Original Article
Bone Marrow Transplantation (2006) 38, 493–499. doi:10.1038/sj.bmt.1705472; published online 21 August 2006
Autografting
Phase I/II trial of multicycle high-dose chemotherapy with peripheral blood stem cell support for treatment of advanced ovarian cancer
All institutions are in Germany and all authors are listed with their association at the time of the study.

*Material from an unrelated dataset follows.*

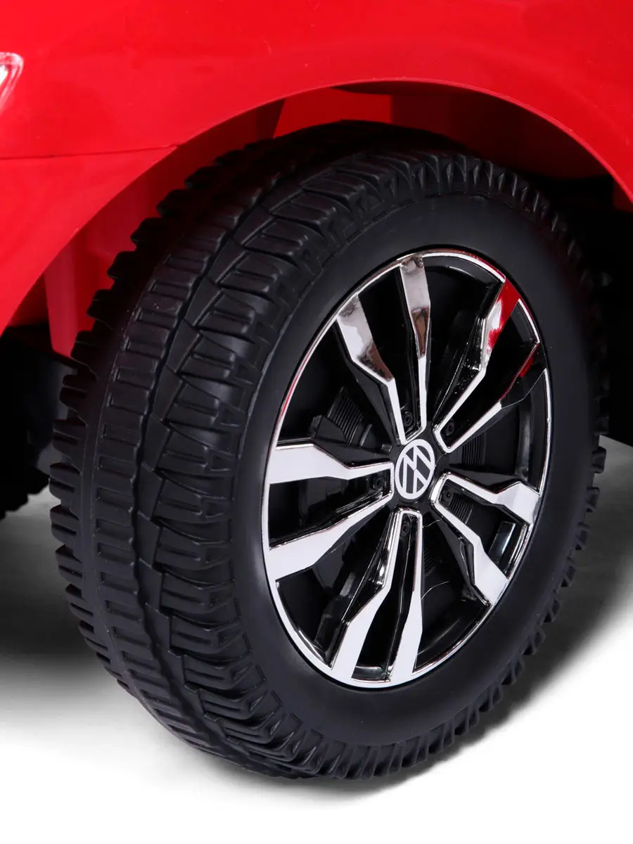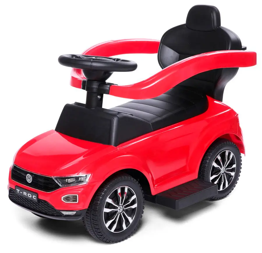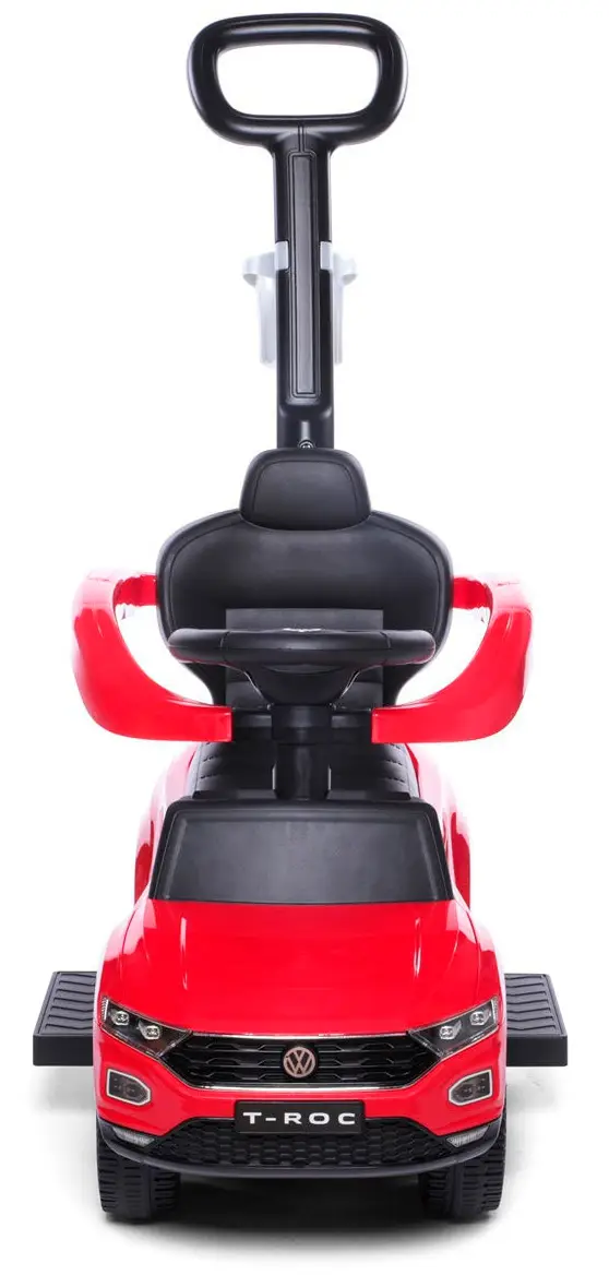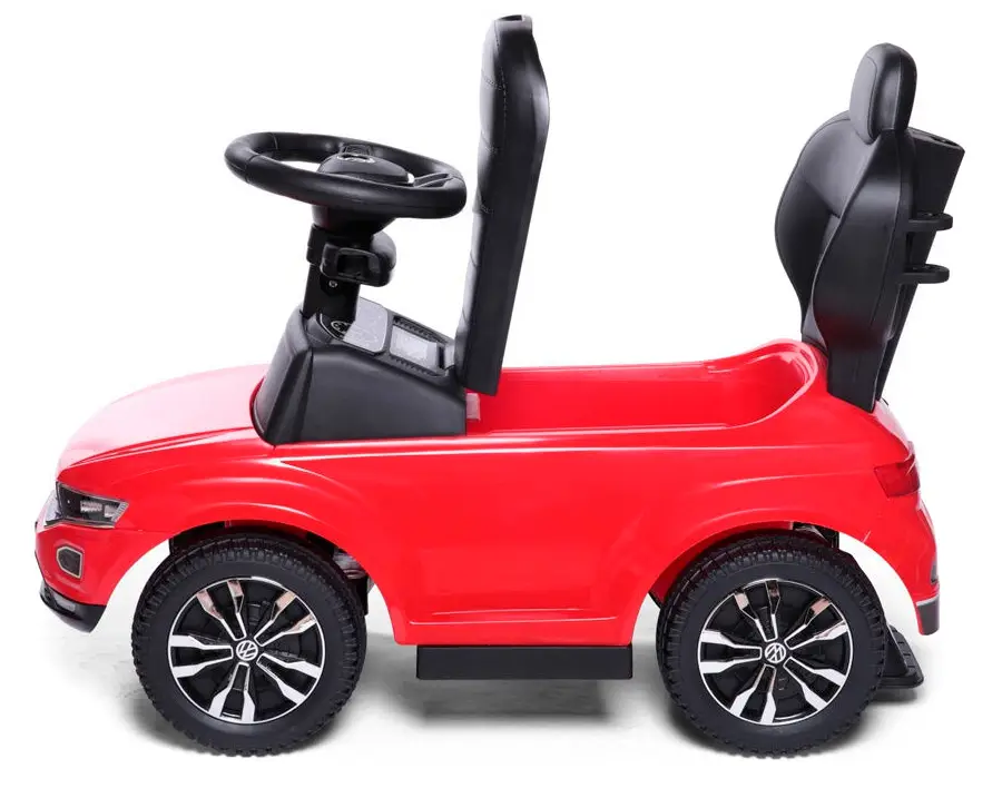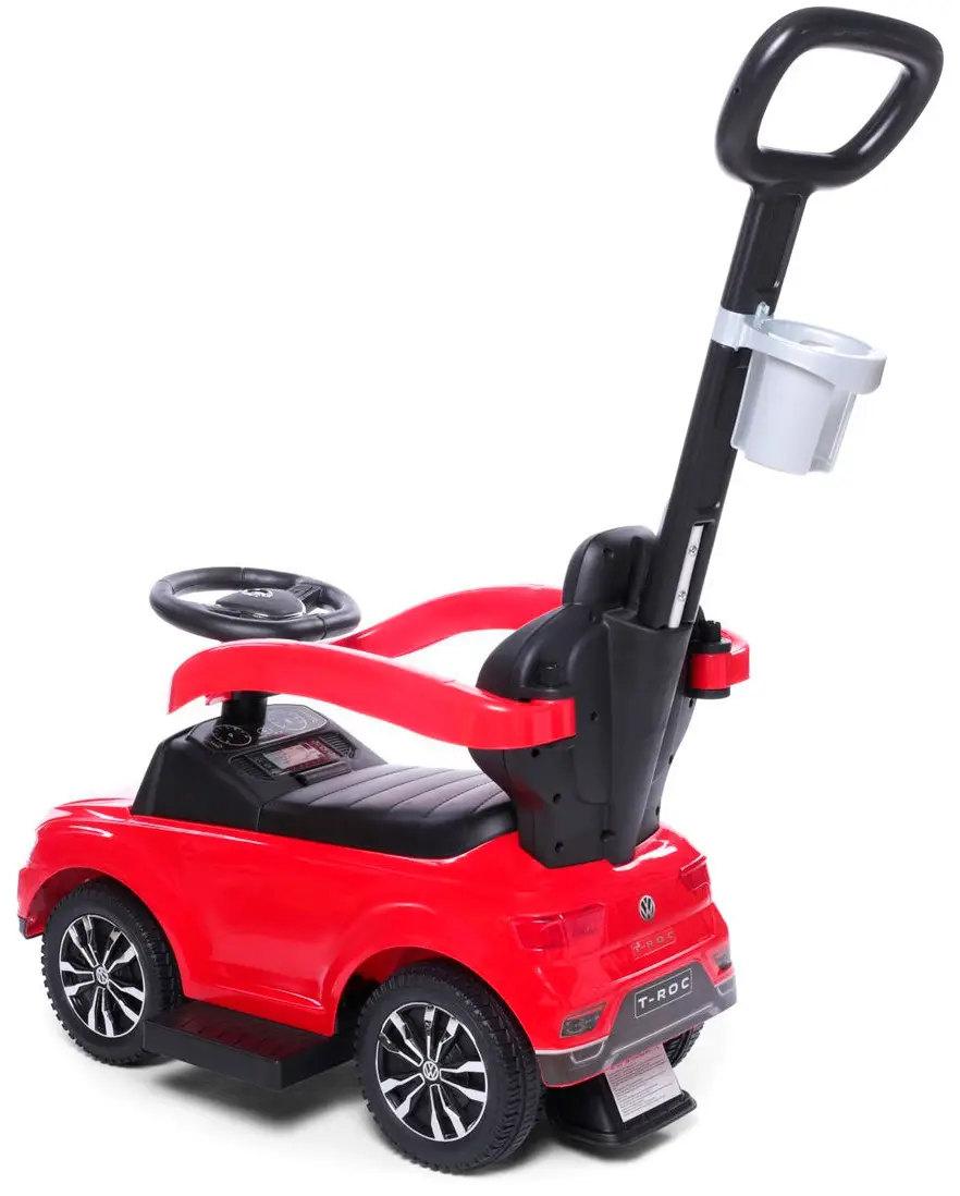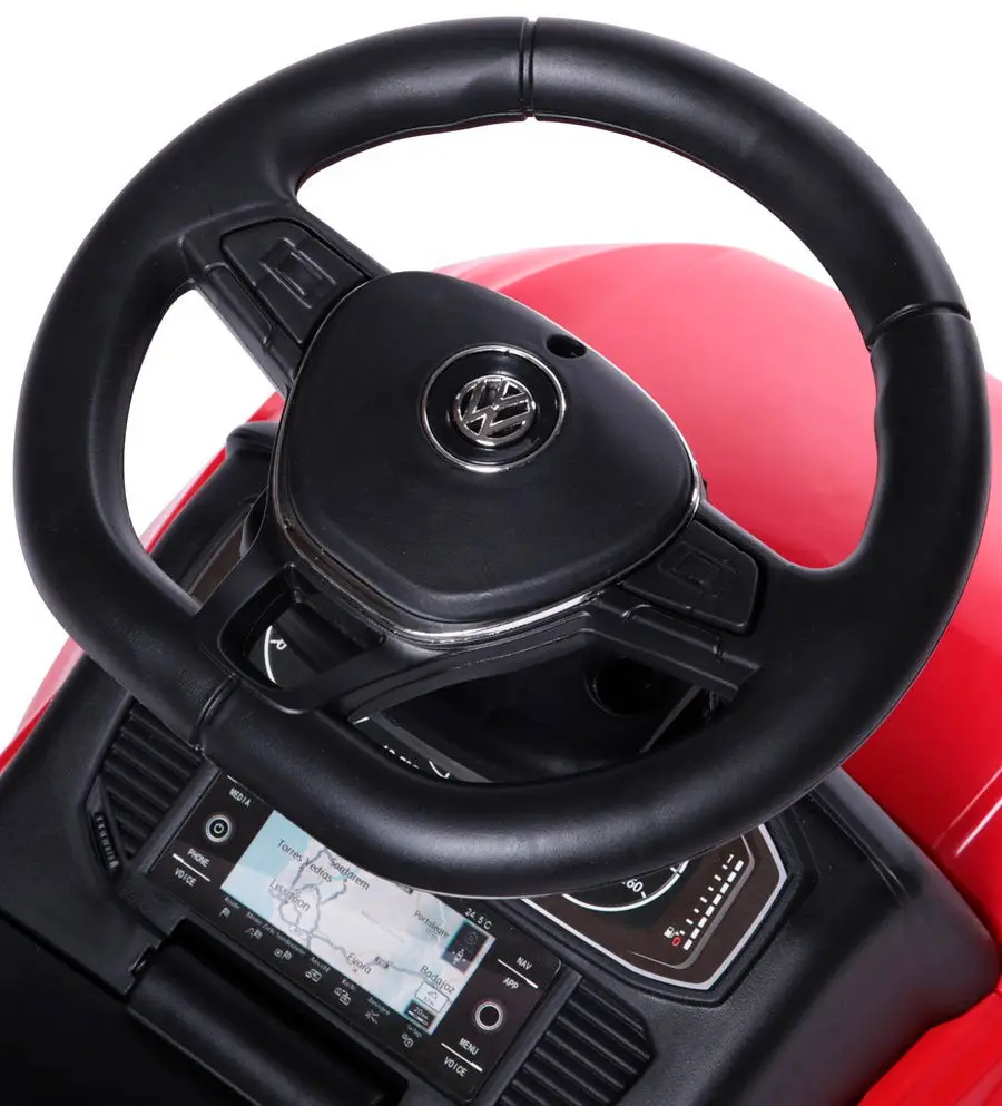 Черты автомобиля нашли свое отражение в игрушке – обтекаемый корпус, фары (без подсветки), радиаторная решетка и фирменная эмблема Volkswagen. Модель не имеет острых углов, выполнена из ударопрочного и гипоаллергенного пластика. Родительская ручка управляет передними колёсами, что позволяет поворачивать каталку в разные стороны без особых усилий.

N Frickhofen1, W E Berdel2, F Opri3, R Haas4, A Schneeweiss5, M Sandherr6, W Kuhn7, D K Hossfeld8, C Thomssen9, H Heimpel1, R Kreienberg10, A Hinke11 and V Möbus10 on behalf of the German Study Groups Arbeitsgemeinschaft Internistische Onkologie (AIO) und Arbeitsgemeinschaft Gynäkologische Onkologie (AGO)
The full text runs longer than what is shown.